** Provided records **
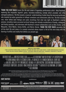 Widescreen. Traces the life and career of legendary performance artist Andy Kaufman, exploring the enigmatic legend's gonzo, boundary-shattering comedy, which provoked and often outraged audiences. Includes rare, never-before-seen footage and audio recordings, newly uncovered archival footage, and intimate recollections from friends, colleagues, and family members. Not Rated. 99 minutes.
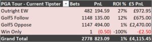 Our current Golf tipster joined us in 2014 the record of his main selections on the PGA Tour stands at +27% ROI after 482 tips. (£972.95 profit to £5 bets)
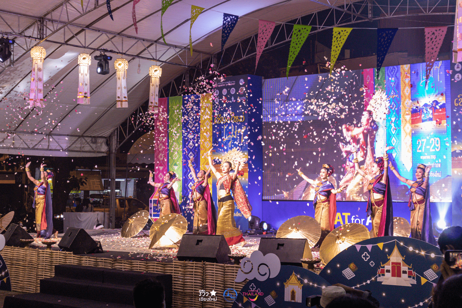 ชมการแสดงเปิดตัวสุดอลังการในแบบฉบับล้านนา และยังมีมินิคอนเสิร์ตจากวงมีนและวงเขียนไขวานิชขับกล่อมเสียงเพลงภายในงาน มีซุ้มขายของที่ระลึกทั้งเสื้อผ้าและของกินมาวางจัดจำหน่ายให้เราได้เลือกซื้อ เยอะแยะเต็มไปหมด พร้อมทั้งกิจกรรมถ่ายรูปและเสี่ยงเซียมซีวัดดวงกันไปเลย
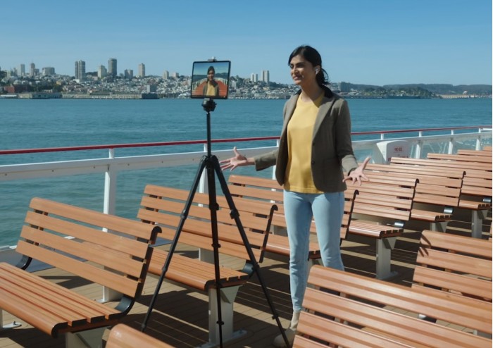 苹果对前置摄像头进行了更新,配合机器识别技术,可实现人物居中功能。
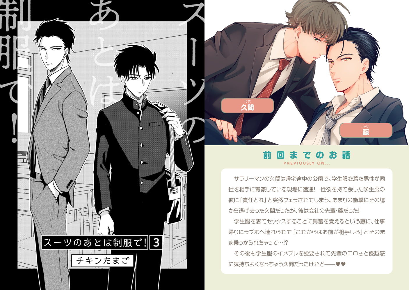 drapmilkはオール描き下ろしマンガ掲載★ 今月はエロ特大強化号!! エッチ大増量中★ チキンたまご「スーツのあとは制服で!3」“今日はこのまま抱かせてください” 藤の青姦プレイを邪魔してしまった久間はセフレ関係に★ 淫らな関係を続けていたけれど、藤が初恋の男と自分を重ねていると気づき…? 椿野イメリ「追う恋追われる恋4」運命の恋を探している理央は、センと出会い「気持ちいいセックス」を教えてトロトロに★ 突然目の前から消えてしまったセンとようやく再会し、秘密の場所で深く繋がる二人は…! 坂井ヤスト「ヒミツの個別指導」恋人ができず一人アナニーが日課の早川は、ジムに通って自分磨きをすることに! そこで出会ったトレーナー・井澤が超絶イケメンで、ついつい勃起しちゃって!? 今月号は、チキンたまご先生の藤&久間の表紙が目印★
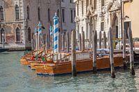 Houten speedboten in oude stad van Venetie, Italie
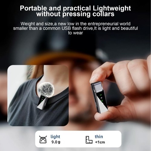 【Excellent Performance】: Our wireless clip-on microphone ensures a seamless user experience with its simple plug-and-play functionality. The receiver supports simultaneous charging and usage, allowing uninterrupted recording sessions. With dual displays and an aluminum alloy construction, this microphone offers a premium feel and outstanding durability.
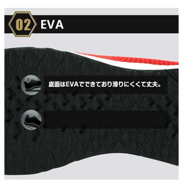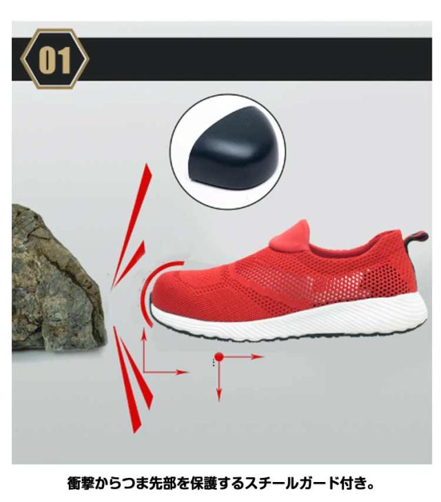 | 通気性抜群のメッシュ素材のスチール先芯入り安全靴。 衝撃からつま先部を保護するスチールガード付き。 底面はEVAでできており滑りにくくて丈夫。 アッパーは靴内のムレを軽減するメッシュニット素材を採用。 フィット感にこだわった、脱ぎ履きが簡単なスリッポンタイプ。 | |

** Task requirements **
From the line that contains "Houten speedboten in" to the final line of the material, write out each line exactly. Pictures stay out.

** Response to this exercise **
 Houten speedboten in oude stad van Venetie, Italie
 【Excellent Performance】: Our wireless clip-on microphone ensures a seamless user experience with its simple plug-and-play functionality. The receiver supports simultaneous charging and usage, allowing uninterrupted recording sessions. With dual displays and an aluminum alloy construction, this microphone offers a premium feel and outstanding durability.
 | 通気性抜群のメッシュ素材のスチール先芯入り安全靴。 衝撃からつま先部を保護するスチールガード付き。 底面はEVAでできており滑りにくくて丈夫。 アッパーは靴内のムレを軽減するメッシュニット素材を採用。 フィット感にこだわった、脱ぎ履きが簡単なスリッポンタイプ。 | |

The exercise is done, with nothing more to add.